A structured set of objections, weighed in public.

Desk editor's note, referee report, simulated authors' rebuttal, and a circularity audit. Tearing a paper down is the easy half of reading it; the pith above is the substance, this is the friction.

Desk Editor's Note private letter to a colleague

KbSD's core move is self-distillation from an identical teacher that gets explicit boundary signals plus ground truth, paired with quadrant-specific KL terms, but the gains may trace more to the hints than to the distillation itself.

read the letter

The paper introduces KbSD to handle sparse rewards when LLMs in agentic search must decide between parametric knowledge, retrieval, or abstaining. It builds a teacher that is the same size as the student but receives extra signals—parametric certainty, retrieval quality, and ground-truth answers—to produce reasoning demonstrations. The student then imitates those via a mix of dense token supervision and sparse outcome rewards, with the objective switching between reverse KL, forward KL, or bidirectional KL depending on the quadrant.

What stands out is the attempt to get dense supervision without scaling up the teacher model.
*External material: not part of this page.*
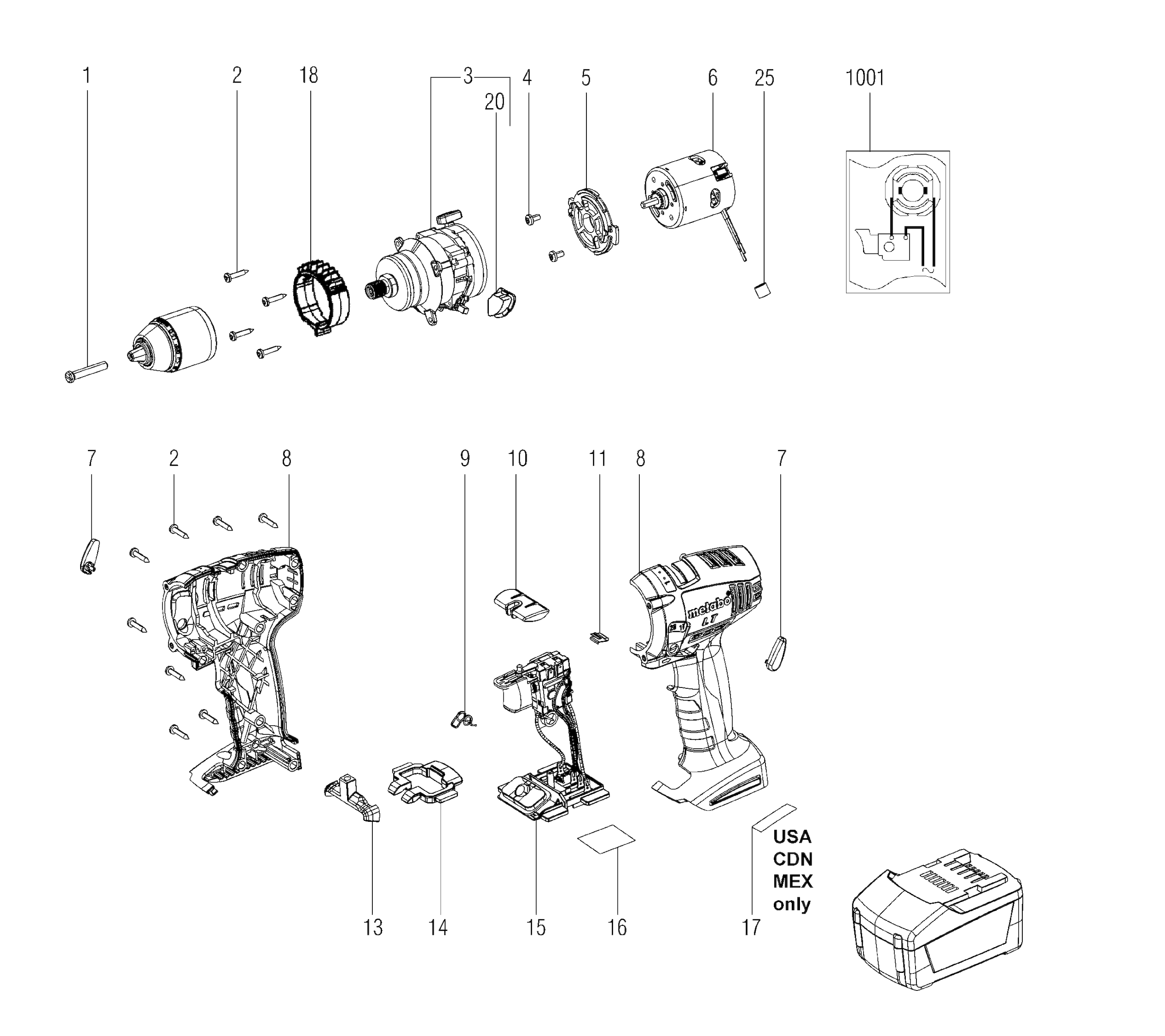 Aquí encontrará todas las piezas y dibujos técnicos disponibles de 'Metabo 02138001 ( BS18LT )'. Desde aquí podrá pedir todas las piezas deseadas directamente. Para muchas piezas de repuesto, es necesario pasar un pedido al fabricante. Dependiendo de la marca, el plazo de entrega puede variar entre una y cuatro semanas. Toda la información que tenemos está en nuestro sitio web. No podremos aconsejarle sobre lo que necesita hasta que entregue la máquina para su reparación. Tenga en cuenta lo siguiente a la hora de cursar su pedido:

The quadrant-adaptive objective is a reasonable way to handle the different distributions of reasoning needed in each knowledge state. The abstract reports consistent gains on accuracy and hallucination reduction, especially where rewards are sparsest.

The soft spot is the untested assumption that the architecturally identical teacher can actually turn those boundary signals into meaningfully better trajectories. If the base model already struggles to use the signals, the demonstrations may not be much stronger than what sparse rewards already provide, and the KL terms would then be fitting to noisy targets. The paper would need clear ablations that isolate the distillation step from simply giving the model the hints during training.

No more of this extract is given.